Ray Jackendoff

What is the form of the information that is transferred in language processing?

Ray Jackendoff

Tufts University/MIT

The broadest goal of linguistic theory is to develop an integrated theory of language and its place in the mind/brain, including accounts of linguistic representations, language processing, language acquisition, the innate basis that makes language acquisition possible, and the character of neural computation such that it can instantiate all of these.

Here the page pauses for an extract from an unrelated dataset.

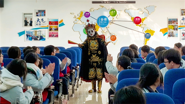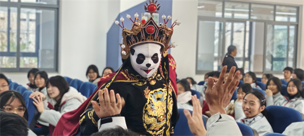节目鉴赏:绝活互动点燃全场 压轴的节目鉴赏环节,蒋老师现场展示美猴王棍法,刚劲利落的招式引得阵阵喝彩;紧接着,另一位川剧艺术家献上经典的变脸表演将氛围推向高潮,舞台上脸谱飞速变幻,表演尾声,艺术家走下舞台与同学们近距离互动,邀请大家亲手触摸戏服、感受变脸的神奇魅力,现场欢呼声此起彼伏。

The present talk focuses on the character of linguistic representations, i.e. the form of knowledge of language and of the information that is transferred in language processing.  I will contrast the syntactocentric architecture of mainstream generative grammar, in which semantic and phonological representations are parasitic on syntactic representations, with a parallel architecture, in which semantics and phonology are independent sources of combinatoriality, linked to syntax and each other through interface principles (Jackendoff 1997, 2002; Culicover and Jackendoff 2005; Jackendoff and Audring 2020).  The talk will review an extensive series of in-principle and empirical arguments that favor the parallel architecture’s account of the relation between semantics and syntax over that of mainstream generative grammar.  The outcome is a syntactic component that is far leaner and less powerful – but still non-negligible.  It will be argued that this conclusion moves us closer to the goal of integrating linguistic theory.

 

Culicover, Peter W., and Ray Jackendoff (2005).  Simpler Syntax.  Oxford University Press.

Jackendoff, Ray (1997).  The Architecture of the Language Faculty.  MIT Press.

Jackendoff, Ray (2002).  Foundations of Language.  Oxford University Press.

Jackendoff, Ray, and Jenny Audring (2020)  The Texture of the Lexicon.  Oxford University Press.